The tragedy of most moral debates in the political realm or even the classroom is that they are always construed in abstract and absolute terms. This is especially true when it comes to abortion. It has been my experience that those who take the most absolutist stances (with the exception of Rick Santorum) have never faced any of the real situations in which a woman (and her partner) must make the difficult decision to terminate a pregnancy. Sadly, I found out yesterday that a friend of mine is facing a very difficult decision regarding her pregnancy and I want to share it with my readers to stress--once again--that the decision to terminate a pregnancy belongs to the parents, not the politicians, churches, or even the medical establishment.
Fiona is 41 years old. A month ago her husband called us to let us know they were expecting their first child! We were excited for them and looking forward to our children growing up together. Because of Fiona's age, she and her husband underwent genetic counseling and prenatal tests. Unfortunately, the laboratory took their own sweet time to return the results of these tests and now, 5 months into her pregnancy, she has discovered that her husband is recessive for Tay-Sachs disease and the tests to determine whether or not she was came back inconclusive.
Tay-Sachs is a horrible genetic disease that has no cure and always results in death by age 4. Here is an excerpt from the National Institute of Neurological Disorders and Stroke:
Infants with Tay-Sachs disease appear to develop normally for the first few months of life. Then, as nerve cells become distended with fatty material, a relentless deterioration of mental and physical abilities occurs. The child becomes blind, deaf, and unable to swallow. Muscles begin to atrophy and paralysis sets in. Other neurological symptoms include dementia, seizures, and an increased startle reflex to noise.So here is the situation the couple find themselves in. Fiona is 5 months pregnant, very attached and excited about her baby girl, but knows that there is a greater than normal risk that this child will be born with Tay-Sachs. In order to better determine what that risk is, she needs to undergo another screening, but the results take even longer this time because they involve cell cultures. By the time she gets the results, she will most likely be in her third trimester or near her third trimester. If the tests show her child has Tay-Sachs, then she has to figure out how to get a late term abortion or choose to have the child and watch it suffer a horrible demise and death. Neither of these choices are easy to make.

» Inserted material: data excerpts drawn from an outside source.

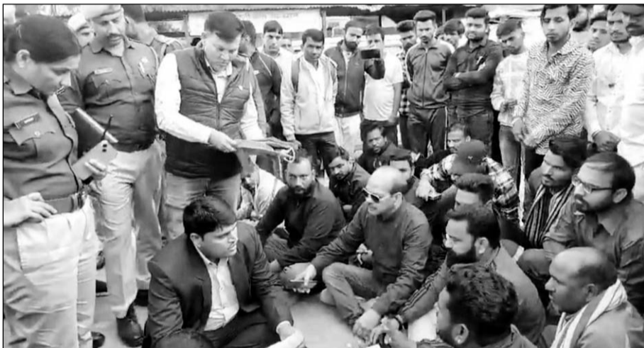
कोटा में मासूम की मौत के बाद आक्रोशित लोग पोस्टमार्टम रूप में बाहर ही धरने पर बैठ गये, जिनसे मिलने यूआईटी के अधिकारी मौके पर पहुंचे।

कोटा, (निर्स)। सुभाष नगर इलाके के खाली प्लॉट में दुबने से मासूम की मौत के मामले में मोर्चों के बाहर परिजनों और भाजपा पार्षदों ने हंगामा खड़ा कर दिया। मुआवजा दिलवाले व यूआईटी के अधिकारियों के खिलाफ कार्रवाई की मांग को लेकर परिजन और स्थानीय लोगों ने पोस्टमार्टम रूप के बाहर धरना दिया। परिजनों ने नारेबाजी कर प्रदर्शन किया और आक्रोश जताया।
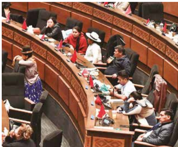
El pleno de Diputados tratará normativa del Mercosur.

tir de la fecha de entrada en vigencia del protocolo, Bolivia adquirirá la condición de Estado Parte y participará con todos los derechos y obligaciones en el Mercosur’.
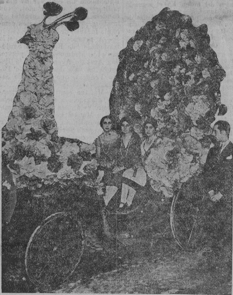
El coche adornado que figuró en la cabalgata de anoche, ocupado por tres de las señoritas premiadas en el concurso de belleza.
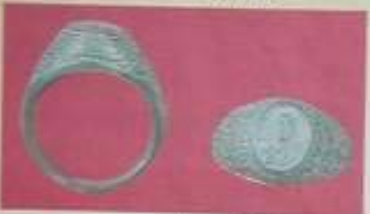
แหวนทองรูปหมุน เนื้อเงิน
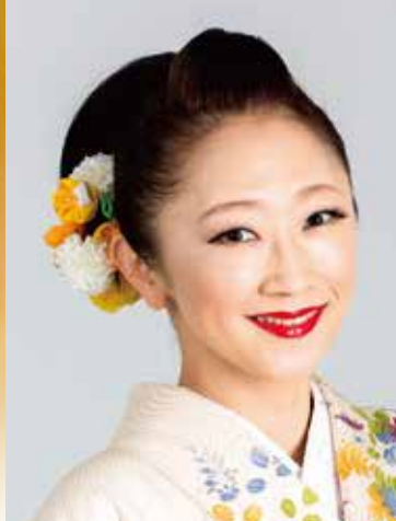
柿崎竹美(日本民謡歌手)
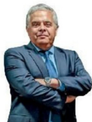
OPINIÓN | Pág. 5

Columna de Ricardo Escobar: “Impuestos y decisiones de inversión”
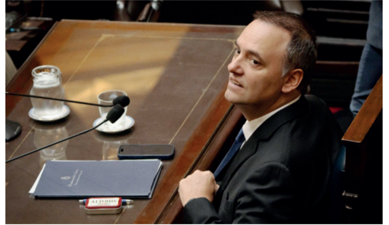
Parlamento. El futuro de Adorni podría decidirse en el Congreso.

La decisión se adoptó en la reunión de Labor Parlamentaria, en cuyo transcurso se resolvió a propuesta de los bloques opositores tratar en la próxima sesión un proyecto para citar a una interpelación al funcionario para la misma jornada en la que está previsto que brinde su informe de gestión. La reunión de Labor se realizó luego de un extenso encuentro entre la presidenta del bloque de La Libertad Avanza, Patricia Bullrich, y los
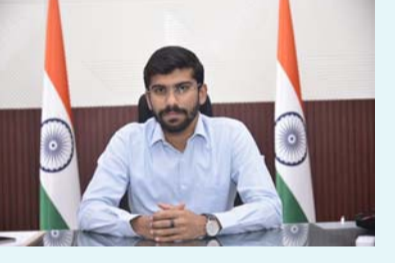
జూన్ 22వ తేదీన కలెక్టరేట్ లో ప్రజా సమస్యల పరిష్కార వేదిక, రెవెన్యూ క్లీనిక్ కార్యక్రమం నిర్వహణ : - జూన్ 22వ తేదీన సోమవారం అనంతపురం కలెక్టరేట్ లో ప్రజా సమస్యల పరిష్కార వేదిక (పబ్లిక్ గ్రీవెన్స్ రీడ్రస్సన్ సిస్టం, పిజిఆర్ఎస్), రెవెన్యూ సమస్యల పరిష్కారం కోసం రెవెన్యూ క్లీనిక్ కార్యక్రమం నిర్వహించడం జరుగుతుందని జిల్లా కలెక్టర్ తెలిపారు. ప్రజా సమస్యల పరిష్కార వేదిక కార్యక్రమాన్ని కలెక్టరేట్లోని రెవెన్యూ భవనంలో ఉదయం 9:00 నుండి నిర్వహించడం జరుగుతుందని, ఈ కార్యక్రమంలో అన్ని శాఖలు జిల్లా అధికారులు పాల్గొంటారని తెలిపారు. సోమవారం ఉదయం 9:00 నుండి పిజిఆర్ఎస్ (గ్రీవెన్స్) డేసు నిర్వహించడం జరుగుతుందన్నారు. ప్రజా సమస్యల పరిష్కార వేదిక కార్యక్రమంలో తమ వివరాలతో పాటు వారి సమస్యలకు సంబంధించి అర్జీలను అందజేయాలన్నారు. అర్ధిదారులు గతంలో ఇచ్చిన అర్జీలకు సంబంధించిన స్లిప్లను తీసుకురావాలని సూచించారు. సమస్య పరిష్కారమైనప్పుడు ఫోన్ కి మెసేజ్ వస్తుందని, అర్ధిదారులు వారి ఫోన్ ను చెక్ చేసుకోవాలన్నారు. నోటీసులు, ఎండార్స్మెంట్ ను చాట్ నెట్ లో పంపిస్తున్నామని, ఎండార్స్మెంట్ బై రిజిస్టర్డ్ పోస్ట్ మీరు ఇస్తున్న అడ్రస్ లు పంపిస్తున్నామన్నారు. అర్జీ ఇచ్చేటప్పుడు దానిని కరెక్ట్ గా దానిని పూరించాలన్నారు. రిపీటెడ్ అర్ధిదారులు పాత రసీదును తీసుకురావాలన్నారు. జిల్లా ప్రజలు పిజిఆర్ఎస్ కార్యక్రమాన్ని సద్వినియోగం చేసుకోవాలని కోరారు. సోమవారం ఉదయం 9:00 నుండి పూర్తి అయ్యే వరకు డివిజన్, మండల మరియు ఎస్.జి.ఎస్.డబ్ల్యూ స్థాయిలో పి.జి.ఆర్.ఎస్. (గ్రీవెన్స్) డేసు నిర్వహించాలని ఆర్.డి.ఓలు, తహసీల్దార్లు మరియు పి.డి.ఓలకు సూచించడమైంది.

- : సోమవారం ఉదయం 9:00 నుండి పిజిఆర్ఎస్ నిర్వహణ.. - : జిల్లా ప్రజలు సద్దినయోగం చేసుకోవాలి - : జిల్లా కలెక్టర్ ఓ.ఆనంద్.. అంకుశం సూన్ అనంతపురం, జూన్ 21 : అనంతపురం జిల్లా అనంతపురం నగరంలోని కలెక్టరేట్లో రేపు 22వ ప్రజా సమస్యల పరిష్కార వేదిక కార్యక్రమం నిర్వహించడం జరుగుతుందని అనంతపురం జిల్లా కలెక్టర్ ఓ.ఆనంద్ తెలిపారు. మే 30 కాలే సెంటర్ 1100 సేవలను వినియోగించుకోవాలని జిల్లా కలెక్టర్ ఓ.ఆనంద్ ఆదివారం ఒక ప్రకటనలో తెలిపారు. అర్ధిదారులు దాఖలు చేసిన తమ అర్జీలు ఇప్పటికీ పరిష్కారం కాకపోయినా, లేదా తమ ఫిర్యాదులకు సంబంధించిన సమాచారం తెలుసుకోవడానికి 1100 నంబర్ కు కాల్ చేయమన్నారన్నారు. అర్ధిదారులు వారి యొక్క అర్జీలు సమాచారం చేసుకోవడానికి Meekosam.ap.gov.in (మీకోసం) డాట్ ఏపీ డాట్ జిఎస్ ఐ డాట్ ఇన్) వెబ్సైట్ నందు వారి యొక్క అర్జీలు సమాచారం చేసుకోవచ్చున్నారు. ప్రజలు ఈ అవకాశాన్ని సద్వినియోగం చేసుకొని తమ సమస్యలకు పరిష్కారం పొందాలని జిల్లా కలెక్టర్ విజ్ఞప్తి చేశారు. రెవెన్యూ పరిధిలోని అన్ని ఫిర్యాదుల పరిష్కార అధికారుల కార్యాలయాలలో “మీకోసం టోల్ ఫ్రీ హెల్ప్ లైన్ నంబర్ 1100” అనే బ్యానర్ ను ఏర్పాటు చేయాలన్నారు.
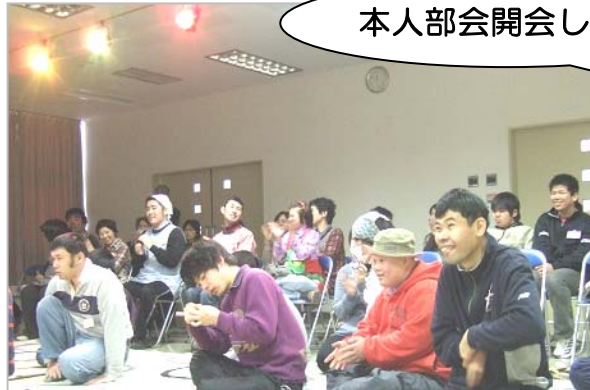
本人部会開会します
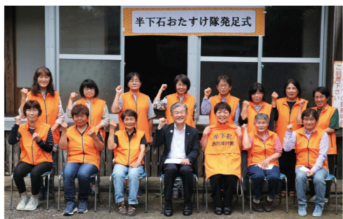
「半下石おたすけ隊」発足式

自然・環境の元気 錦江町の森林資源をしっかりと守り育てるために、6月議会において「森林の整備保全に関する条例」が可決されました。1月から伐採等の契約1か月前に役場へ届け出ている
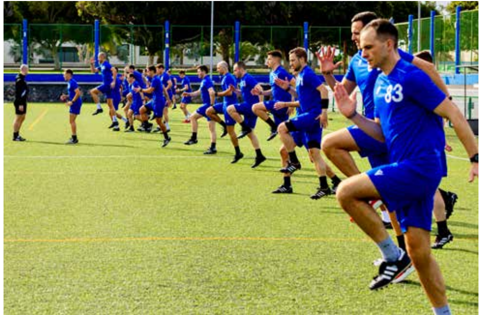
Les arbitres, hommes et femmes, ont bénéficié d'un entraînement varié.

C'est encore un peu surréaliste. Chaque week-end, j'ai observé et analysé les meilleurs arbitres de Suisse pour apprendre d'eux. Aujourd'hui, je suis ici, invité en tant qu'arbitre «talent» de la Promotion League, au même endroit qu'eux, prêt à vivre leur quotidien, à ressentir de l'intérieur ce que cela signifie d'être un arbitre d'élite.

It is precisely these real life decisions that have committed me to reproductive freedom for women. The idea that someone besides Fiona and her husband could make a better decision about what to do in this situation is just plain insane.

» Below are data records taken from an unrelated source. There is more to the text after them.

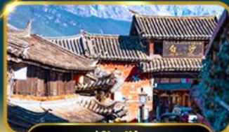
หมู่บ้านป๊อชา
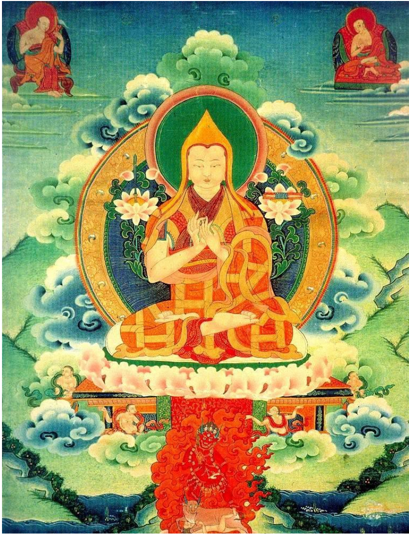
Tsongkhapa Losangdrakpa (1357 - 1419) – རྗེ་ཙོང་ཁ་པ་སློབ་བཟང་གྲགས་པ
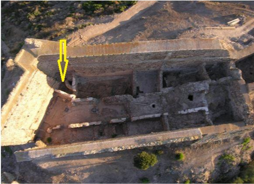
Abb. 2 - Der Bergfried, gesehen von oben, mit Angabe des Raums alpha (Überarbeitung von M. G. Arru).
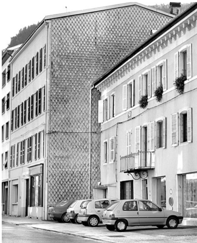
Elévations antérieure et latérale droite (nord).
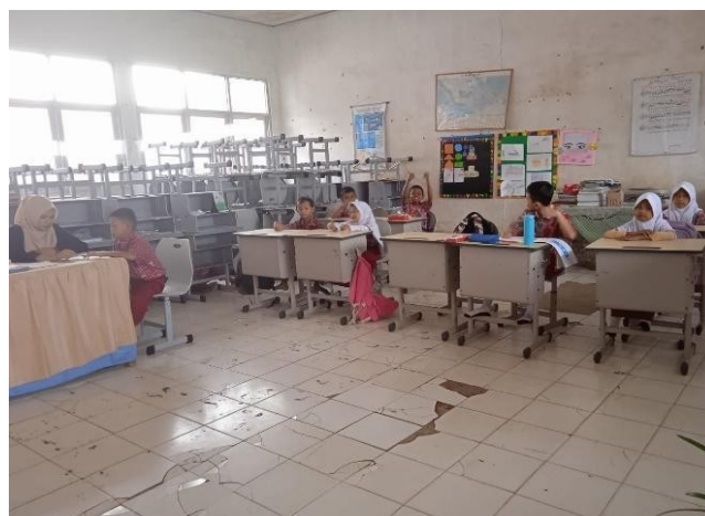
Gambar 3. Anak-anak mengantri untuk membaca

Ekstra membaca awal dengan menggunakan metode suku kata di SD Negeri 49 Palembang untuk kelas 2 dilaksanakan pada pukul 10.30 – 11.30 WIB, seperti pada Gambar 3. Setelah pulang dari jam belajar mengajar di sekolah, anak -anak juga diberikan waktu jeda untuk istirahat selama 15 menit sebelum lanjut untuk menerima materi yang diajarkan. karena anak belajar membaca bersamaan, anak harus mengantri terlebih dahulu. Adanya antrian ini secara tidak langsung mengajarkan anak bersabar dan tertib, dan antrian ini juga dapat menjadi kebiasaan di kehidupan nyata bagi anak (wawancara, 23 September 2024).
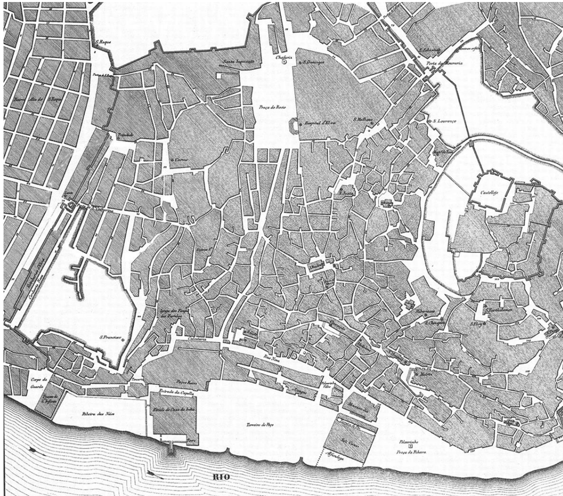
Figura 13 – Planta de Lisboa (pormenor). João Nunes Tinouco, 1650.

aquele que constitui indiscutivelmente um elemento identitário da Rua Nova dos Mercadores?

It is also worth noting here how inhumane the lab was in not getting this result back to her in a timely manner. When physicians or lab technicians screw up in delivering information during a pregnancy, it sets up unbelievably difficult moral dilemmas. One would hope that if the wacko anti-choice politicians are going to decide who can get an abortion, that at least the medical establishment would not bungle prenatal care in such a way that makes it extremely difficult to have any real choices to make.